» PROBLEM DETAILS:
All of the data should be copied exactly, with the pictures left out.

» DATASET CONTENT:
BEGIN

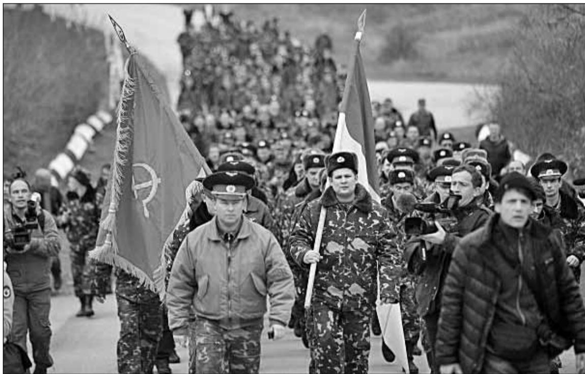
Командир військової частини ВПС України полковник Юлій Мамчур у Бельбеку, поблизу Севастополя, разом зі своїми підлеглими безстрашно вийшов без жодної зброї назустріч озброєним до зубів окупантам, співаючи «Ще не вмерла Україна»

Коли верстався номер. МАРІОНЕТКОВА Верховна Рада Криму ухвалила 6 березня рішення про приєднання півострова до Росії. Жодної юридичної сили це рішення не має, оскільки суперечить Конституції України.
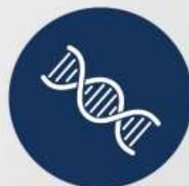
Semen Analysis (Advanced Exam)

END

» ANSWER FOR THIS EXERCISE:
Командир військової частини ВПС України полковник Юлій Мамчур у Бельбеку, поблизу Севастополя, разом зі своїми підлеглими безстрашно вийшов без жодної зброї назустріч озброєним до зубів окупантам, співаючи «Ще не вмерла Україна»

Коли верстався номер. МАРІОНЕТКОВА Верховна Рада Криму ухвалила 6 березня рішення про приєднання півострова до Росії. Жодної юридичної сили це рішення не має, оскільки суперечить Конституції України.
Semen Analysis (Advanced Exam)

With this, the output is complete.